Заросли вереска подступали к муравейникам, оплетая опушки по краям, очерчивали границу между залитыми солнцем кустарниками на старых гарях и спокойной и настоянной на хвойном аромате темнотой под высокими корабельными деревьями. Над лилово-розовыми вересковыми цветочками всегда вились пчелы и гудящие шмели. Дед зачастую выставлял ульи на опушках, собирал целебный вересковый мед, темно-красный, ароматный, слегка терпкий на вкус, с приятной горчинкой, которую ни с чем не спутать, как уверял Мальцова отец. Вересковый сбор плохо откачивался медогонкой, приходилось без устали вертеть и вертеть ручку, чтобы отжать соты, зато получившийся мед кристаллизовался медленно, сохраняя в банках тягучесть до поздней весны.
От влажных участков леса, там, где начинались черничные болота, ветер приносил стойкий запах багульника, обладавшего опьяняющим эффектом, от него начинало ломить голову. Но Мальцов почему-то любил этот эфирный запах, он притягивал его, как кота валерьянка.
Осенний лес был полон красок. Четырехгранные волосистые стебли буквицы со светло-пурпуровыми цветами и ее мягкоопушенные листья залечивали раны. Он порезал палец складнем, отец тут же взял листья буквицы в рот, пожевал и приложил к порезу, туго перевязал палец носовым платком. Кровь скоро остановилась, а через два дня ранка затянулась и перестала болеть.

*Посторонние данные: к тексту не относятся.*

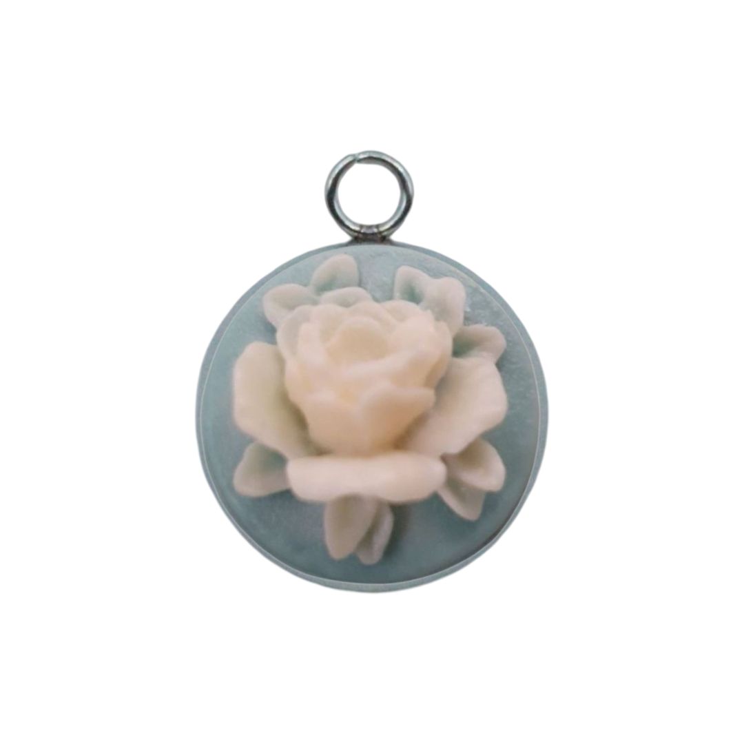 Cameo Charm – 18mm – Stainless Steel – Blue / Cream.
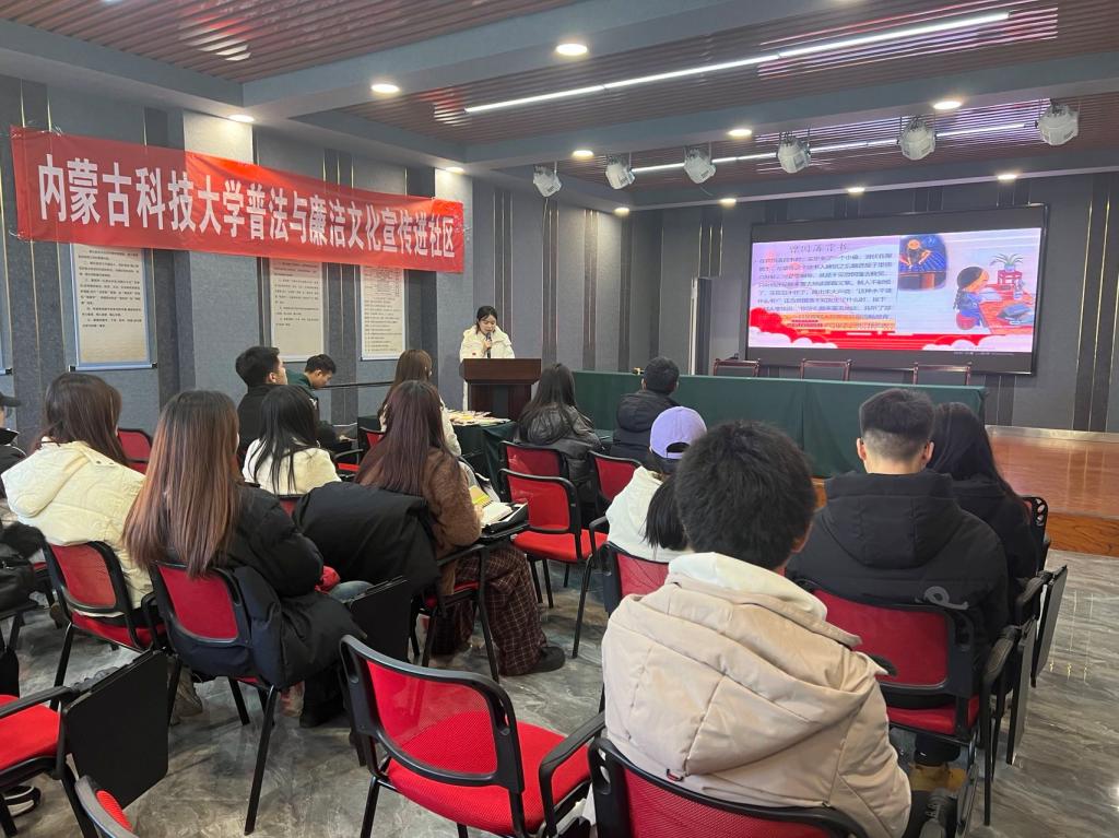 为深入开展精准普法,拓展普法宣传教育“第二课堂”,推进城校融合,在“11·25”国际反家庭暴力日来临之际,学校党委宣传部、纪检监察室和普法维权协会、廉洁文化社师生代表,来到学校对口包联的昆都仑区友谊大街锦绣嘉园社区,开展普法与廉洁文化宣传教育活动。
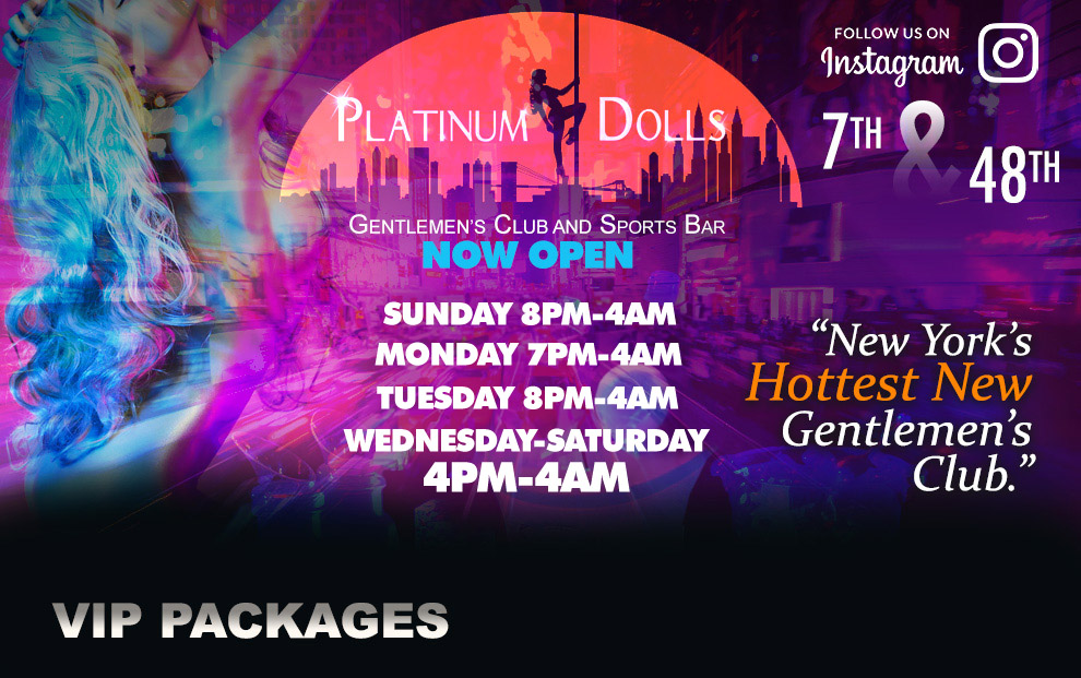 Welcome to Platinum Dolls, The Hottest Gentlemen’s Club and Sports Bar in New York City. Located in the heart of Time Square Platinum Dolls Gentlemen's Club and Sports Bar is New York's finest. Platinum Dolls Gentlemen's Club and Sports Bar DISCLAIMER: The Stock Photography Models portrayed on this website do not work at Platinum Dolls Gentlemen's Club and Sports Bar and are for illustrative purposes only. The Models do not personally endorse Platinum Dolls Gentlemen's Club and Sports Bar. The models are simply used on this website to portray types of beautiful girls that do work at Platinum Dolls. The context in which the photographs are used on this website is not intended to reflect personally on any of the Models shown in the photographs. We do not mean to imply, in any form, a working employment between the models pictured and Platinum Dolls. CONTACT US VIA EMAIL | CONTACT US BY PHONE 212-764-6969

На вырубках среди пней горели медные капли зверобоя, доцветали заросли кипрея. Совсем по низу, на разреженных участках, невысоко поднимаясь над землей, выглядывали из-под треугольных листьев спаренные золотые сережки – цветы купыря. Рядом с ними порхали крыльями темно-синие фиалки, получившие в народе название «мотыльки». Среди них, как часовые, расставленные по периметру, чуть покачиваясь на тонких стебельках, тянули к небу темно-красные овальные головки кровохлебки.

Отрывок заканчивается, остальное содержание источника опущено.